Hi again – it is Alessandro, your friendly neighbourhood ceramic specialist.
In the last few weeks, I have been busy re-firing some archaeological ceramics in a furnace at the Department of Geography, University of Cambridge. You might ask “Why do you put ancient pottery in an oven?” Although it is a relatively relaxing activity, there are reasons why we undertake the study of ancient pyro-technologies (from Greek πυρ, pyr, fire).
In the process of producing pottery, the firing stage – and in particular temperatures and structures used – give us important insights into technologies and manufacturing techniques. The sequence of actions that transform clay objects into durable ceramics is one of the crucial stages of ceramic production, and it is possibly the most dramatic. There are a number of approaches that can be used to understand ancient pyro-technologies, ranging from experimental archaeology to analytical techniques.
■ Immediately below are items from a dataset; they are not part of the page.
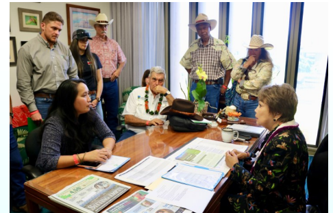
Cattlemen visiting Senator Inouye.
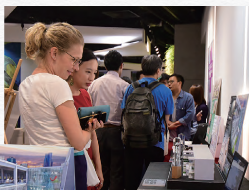
Winning piece of the Innovative Design Competition on display for public viewing.

The URA needs the concerted efforts of the society to tackle urban decay in a sustainable manner. Through collaboration and partnership programmes with various organisations, we have reached out to the community and schools to introduce the URA's work and the significance of urban renewal to youngsters and the general public.
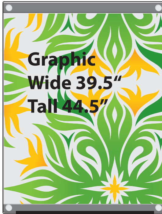
Side Load Portrait
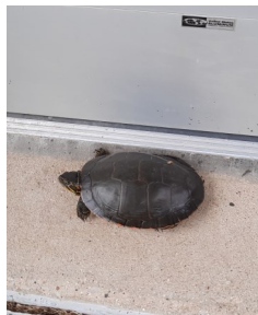
This little guy was waiting at the door to the church on the morning of Thursday, June 20th. All God's creatures know where to come!
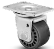
3" Swivel Model
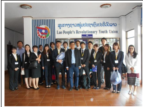
February, 19 【Courtesy Call】 Laos Youth Union
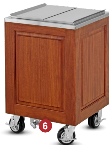
AS-IC-200 ARCHITECTURAL SERIES (MAHOGANY WOOD) CHERRY FINISH
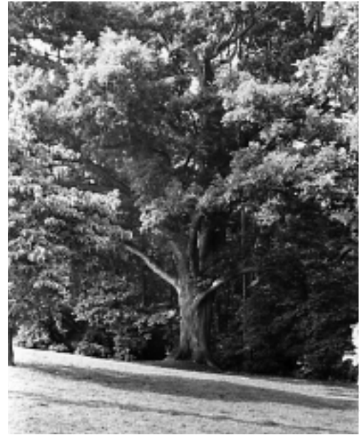
Linden Oak (Circa Early 1700s)
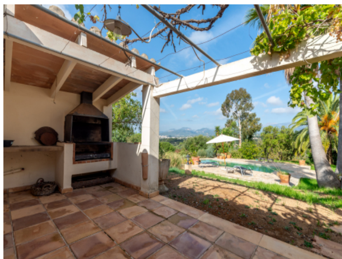
Bbq terrace next to the pool
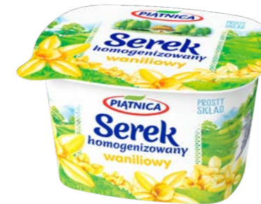
Vanilla Fromage Frais

A delicious, creamy fromage frais is an ideal proposition for every traditional dairy products' gourmets. Timeless taste that we remember from childhood and a simple composition are the main advantages of this cheese.
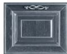
grafite (opz. P46A) graphite
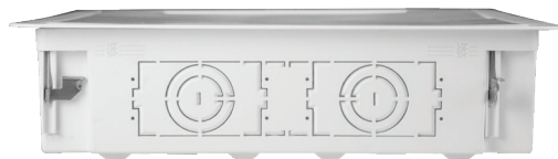
Bottom power receptacle and cable management knockouts
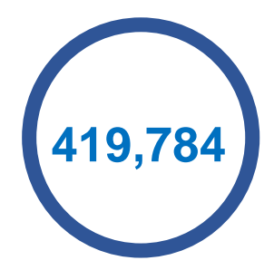
Post reach per week
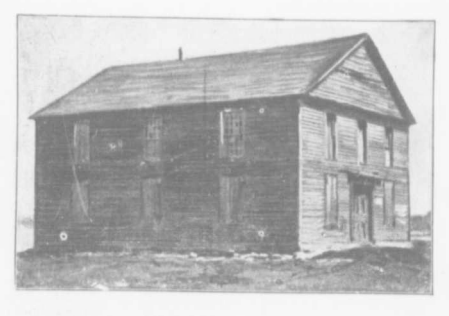
HAY BAY CHURCH The First Methodist Church in Upper Canada.
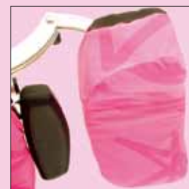
118-753 Contoured headrest +01 Green +02 Orange +03 Blue + 04 Pink
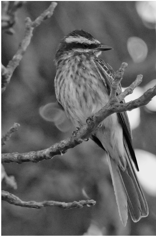
Figure 1. Variegated Flycatcher at Windust Park, Franklin County, Washington, on 7 September 2008. Note the juvenile outer rectrix projecting outward.

and October, three for March and April (Pranty et al. 2008). The Streaked Flycatcher is a migratory species that ranges from northeastern Mexico to Argentina (Howell and Webb 1995), and the Crowned Slaty Flycatcher is an austral migrant that breeds south of the Amazon River from eastern Brazil and northern Bolivia to central Argentina and Uruguay and winters north to southern Venezuela and Colombia (Hilty 2003). The Streaked Flycatcher has yet to be recorded north of Mexico, but a Crowned Slaty Flycatcher was collected in Cameron Parish, Louisiana, on 3 June 2008 (Conover and Myers 2009).
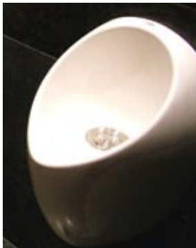
Uridan Oil Barrier Urinal
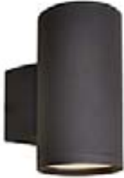
6101ABZ Lightray 1-Light Wall Sconce
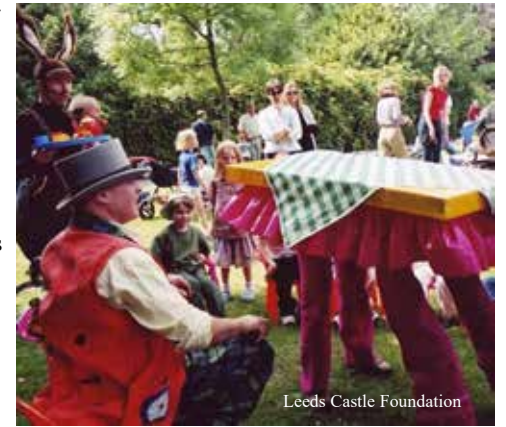
Leeds Castle Foundation

Hand in your completed trail card to receive a small chocolate prize. £1 per child applies. From the 25th until the 28th , there will be even more going on across the bank holiday weekend. Meet Alice and her friends as they pop up across the grounds during your day. At 11am each day, children can join in the hunt for the White Rabbit in the Woodland Walk . Lookout for the Caterpillar sitting on his shiny red mushroom although you will most likely hear him first, he does like to attract attention! Say hello to Tweedle Dum and Tweedle Dee , wandering around being infuriating, ridiculous and performing spontaneous tap dance routines. At 1.30pm daily in the Fairfax Courtyard , an interactive pop-up tea party will take place. Join the chaos with the Mad Hatter, March Hare, Alice and the Dormouse as
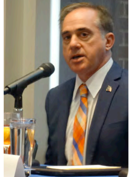
The Honorable David J. Shulkin, MD, discusses the VA initiatives aimed at helping veterans suffering from invisible wounds.
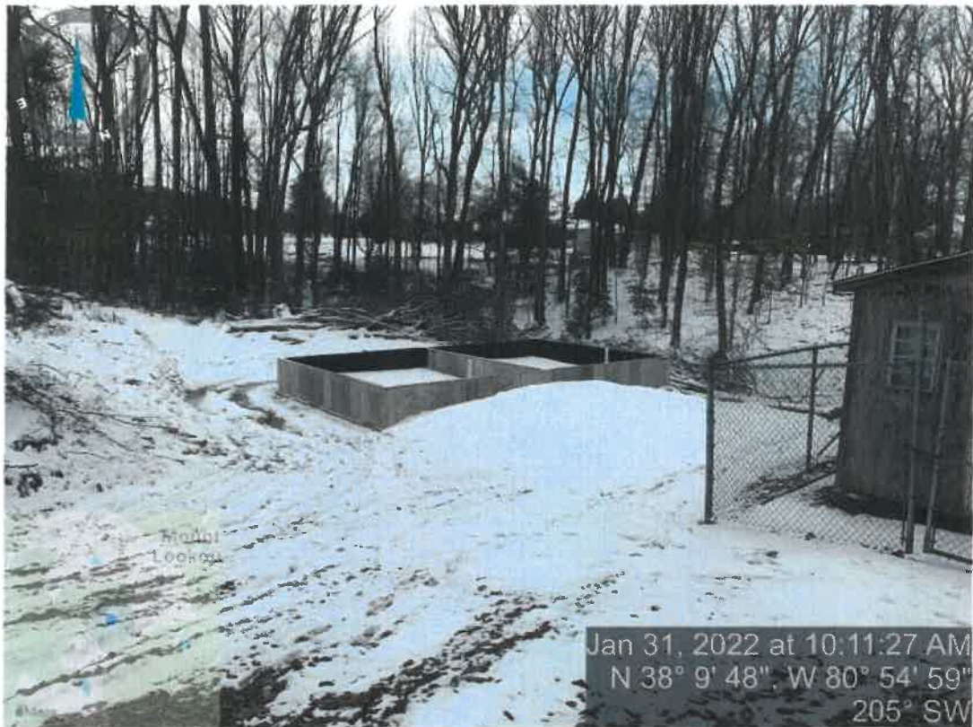
Sand filters not in service

Mt. Lookout MHP - WV0103110/WVG550263 - Consent Order - Nicholas County

In the photos below, you can see my co-supervisor Patrick Quinn and I doing some experimental archaeology to reconstruct the firing process, including digging out clay, making a kiln, and then carrying out a firing.
For this blog post I will answer some frequent questions that friends and colleagues have recently asked me.
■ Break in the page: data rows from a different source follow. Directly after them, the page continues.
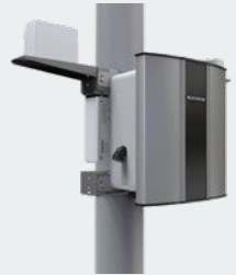
Weathercom ® Automatic Weather Station
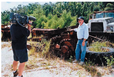
Filming in Niue
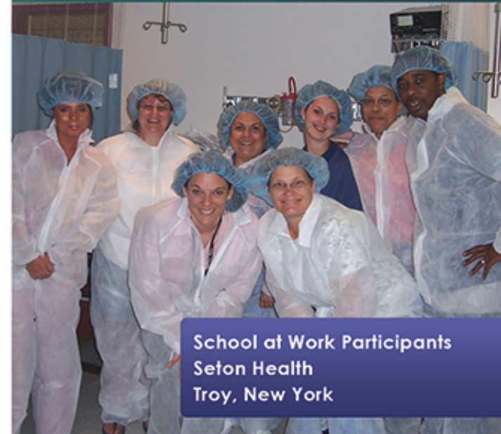
School at Work Participants Seton Health Troy, New York
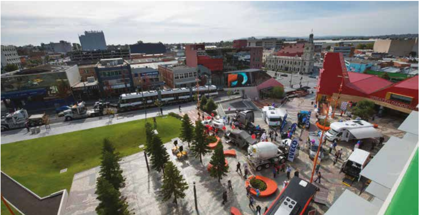
Celebrating manufacturing – Dandenong on Wheels.
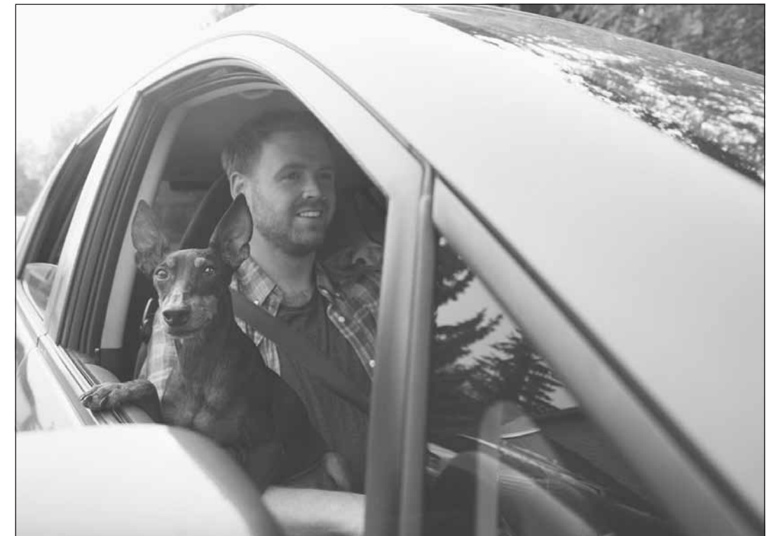
Even though Fido may enjoy the wind in his face, riding like this could get you fined.

*Data collected by Queensland Police between 1 November 2016-31 October 2017.
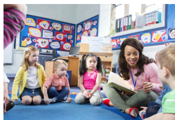
Day Care Facilities
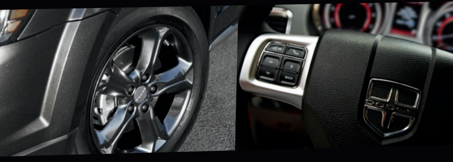
//// MOST VERSATILE CROSSOVER IN ITS CLASS[1]*
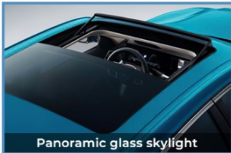
Panoramic glass skylight
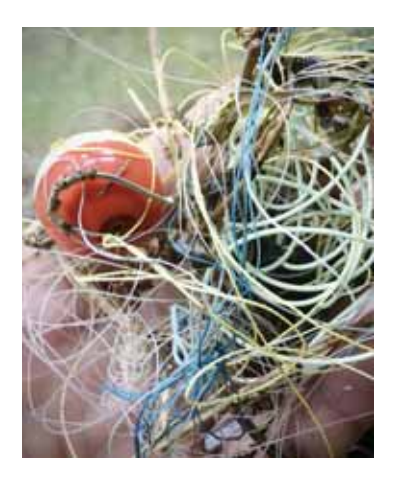
Tangled fishing line and tackle pose a problem for wildlife

The lagoon is home to a multitude of bird species it is the responsibility of all fishers to know how to fish in a way that minimises the chance of entangling a bird and what to do if they do
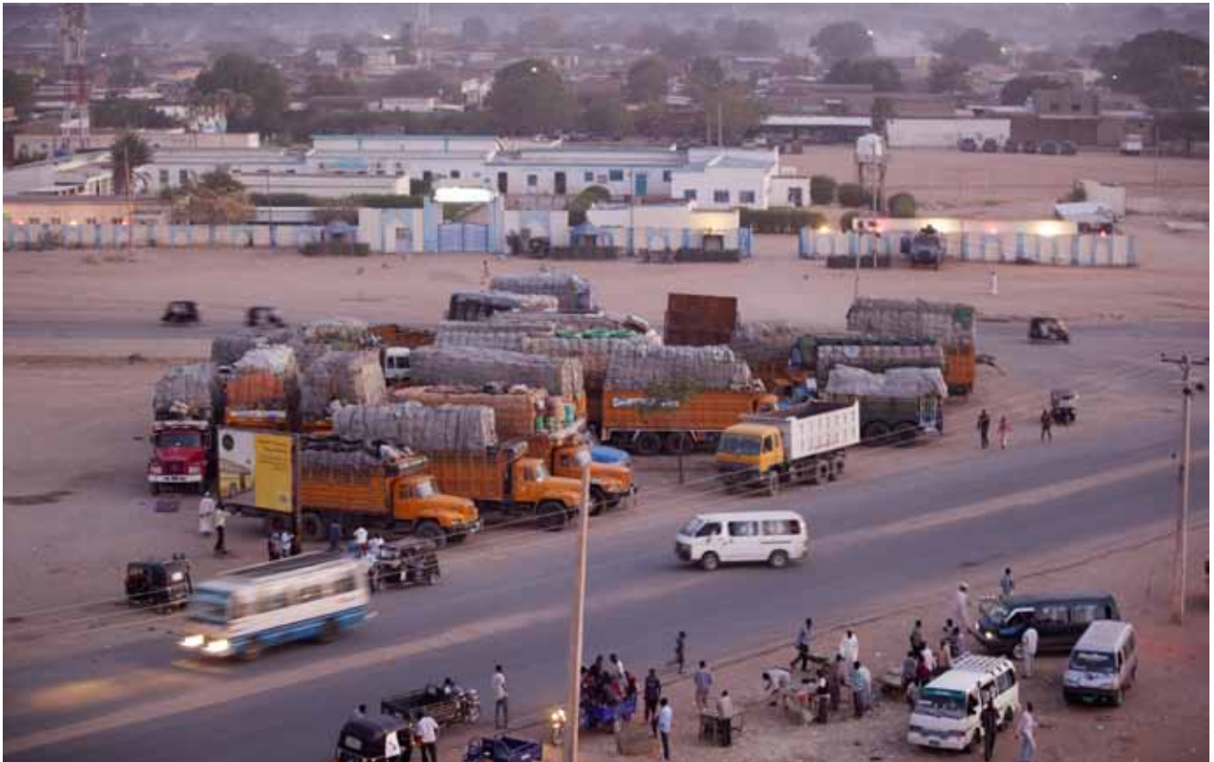
On 23 February 2014, trucks are loaded with goods for trade in Nyala, South Darfur. As more and more people flock to Nyala, trade with its neighbours has increased, nationally and internationally. In a strategic geographical location, Nyala serves as a key trade link with other towns in Darfur, with Khartoum and with neighbouring countries, such as Central African Republic and Chad.

the city. In March 2013, for example, 31 IDPs were captured during their journey to a two-day Nyala conference organized by the Darfur Regional Authority; the IDPs were later released. At the conference, more than 400 IDPs from across Darfur came together to discuss pressing issues, including voluntary return and resettlement, as well as security. The following month, fighting broke out between Government troops and an armed movement in Labado, 50 kilometres from Nyala. The hostilities decimated the area—the market, schools and the health care facilities were looted and destroyed—displacing nearly 30,000 people who fled to different IDP camps across South, East and North Darfur.

“What to do you mean by firing technologies?” Pottery, firing structures and fuel are all equally important elements in the firing stage. Ancient potters possessed the exact knowledge and skills to combine these elements, along with a very specific understanding of the degree of oxygen (or firing atmosphere) and of firing temperatures (or heating rate) necessary to produce the finished product that they wanted. Knowledge of local environments and seasonal climatic variability was also crucial. After the preliminary work of collecting raw materials and then forming clay objects, including vessels, the ceramic production process culminated with the firing stage. Controlling firing temperatures and other aspects of the firing process is not a simple process. Making mistakes in firing could have resulted in disastrous breakage of vessels, and the unsuccessful end of potentially weeks of hard work.
“How do you pinpoint the exact firing temperature?” Clays and minerals in general transform when exposed to different temperatures, and we are able to observe such variations. Fragments or powder samples collected from ancient vessels can be analysed to understand their mineralogical composition and molecular structure (or molecules absorb frequencies and crystal structure) using methods such as FTIR (which stands for Fourier Transform InfraRed spectroscopy), XRD (X-Ray Diffraction) and SEM (Scanning Electron Microscopy). In order to work out how and what temperatures affect the structure of ceramic materials I have fired raw clays and re-fired archaeological samples at different temperatures. FTIR and XRD analysis have then been carried out following the re-firing process.
The images below show an experimental firing of pottery on the left, and on the right you can see the crucibles that we used to re-fire powder samples of ancient ceramics at the Department of Geography, University of Cambridge.
“What do we know about Indus firing technologies?” We know that different types of kilns were in use concurrently at Indus medium and large-scale settlements (e.g. Mehrgarh, Nausharo, Harappa, and Mohenjo-daro), including “open-air” firing places, single-chamber kilns, and double-chamber updraft kilns. However, there is much that we still need to understand about Indus pyro-technologies – particularly fuels and firing temperatures. Dr Carla Lancelotti did her PhD research on Indus fuels here in Cambridge, including analysis of samples from some Land, Water and Settlement project sites. As part of my research, I aim to understand the whole production sequence of Indus vessels, from raw material collections to firing stage and beyond. Analysis of the pottery itself is showing the long-term use of some technologies, and we now hope to work out whether different firing temperatures were used to produce pottery of different shapes, colours, consistencies and function.
“But why is it important?” As mentioned in previous blog posts, our priority is not just to understand how things were done in the past, but to observe social and cultural behaviors. We want to comprehend how ancient communities and craftspeople saw, perceived and engaged the world, and pottery firing is an important component of that. As Olivier Gosselain (1992) has said, “we want to understand the reasons that motivate the artisans into choosing a particular firing technique” – this will also allow us to observe how skills and knowledge transformed and were transmitted over time, and the degree of regional interaction between communities, including possible technological exchanges.